Hello everyone, well it's been going really well at work. I'm really having a lot of fun. The only issue that concerns me is this. The owner is a graduate of NECI. But now with me starting at NECI in June, he feels I am not going to be able to handle the full days and still work a full time schedule. My Wife and I sat down to crunch the numbers and all I need to do is work enough to get some spending money. Once I get my schedule I'll be able to see what my class times are three months out and we can work something out with how many shifts I can cover at work. He's being totally good about it, he understands my reasons for going to school. So while I'm here, I'm going to just have fun, learn as much as I can and hopefully get a good reference out of it. And who knows, maybe we'll be able to work together again in the future.


----------



## rjx (Oct 2, 2006)

nickydafish
Congrats!!! Sounds like you found a great opportunity. I'm jealous.

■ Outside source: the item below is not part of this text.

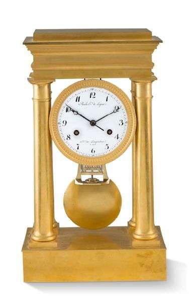 PENDULE PORTIQUE À QUATRE COLONNES en bronze doré mât et brillant. Cadran d'émail à chiffres arabes, signé «Boulu, élève de Lépine, Horloger de l'Impératrice à Paris, rue du Roule, près celle, Betizy n° 4 ».

I was wondering what culinary skills you had before taking this job? I only ask because I have not attended a school, nor have I yet to step foot in a professional kitchen. I can only hope that I find an opportunity similar to yours!


----------



## nickydafish (Oct 30, 2006)

You know I was really lucky. My only experience was working a short time for a caterer as kitchen help. I am just an at home cook who really loves cooking and wants to take it to the next level. Like I mentioned above, it's not a fine dining envirnment. But we don't just slap food on a plate and throw it out there. And because of that, I think the owner hired me because he wasn't looking for a "real" line cook, or chef. Nothing is picked up from the supermarket, or frozen. All our pizza, flatbreads, sandwiches, dips, ect., are made from scratch. Nothing complicated but where my education is, is in the form of sanitation, food rotation, cost, portion control and prioritizing my orders. I don't consider myself a line cook because I'm really not. I'm not working 12 hours a day, I can only bake and grill at work, so to me, I can't call myself a line cook. Sorry rjx, I took your question and ran with it, I guess I just had that on my mind. 

Take Care Everyone, 
Nick


----------



## jayme (Sep 5, 2006)

Oh but you are a cook- you are learning more each day- you are learning new skills and providing food for your guests. Welcome to it!!!


----------



## shroomgirl (Aug 11, 2000)

Spring in VT. what products are you able to source? We've just started getting in 2007 chevre, sunflower sprouts, spinach, beets, some carrots are making it in to STL......


----------



## benrias (May 2, 2003)

OK Nicky...one full month has passed. Are you still with your restaurant? How are you enjoying it? Sorry for being an update-pest.:bounce:


----------



## nickydafish (Oct 30, 2006)

Sorry for not posting for some time, things have been really busy at home. Things at work have been pretty good. At the end of the day, it's not the place I want to be, but I am learning a lot, and plus being new to the industry, I can use the references. I've been doing a lot of prep and cooking for our catering events, which is great. My boss and owner of the place is busy with the catering, wine bar and my little kitchen. The food is selling well, but it just seems like the kitchen is taking a back seat to the other two. He wants the kitchen to do well, and I'm still getting a decent dinner crowd, and then continue to sell well into the night. Even though, nothing is packaged and we cook with fresh ingrediants it's still not the cooking I want to do. Today I'm interviewing for a line cook job in town. I was refered there from one of the waitstaff. I'm going to try and get some hours on my days off from my full time job, and maybe some morning hours. I just want to learn as much as I can and pick up some new skills. So in that aspect, I'm very excited. So in all, things are going well. I'm taking baby steps.... I'm moving back to NYC in August so having some experience under my belt and a couple references will be nice.


----------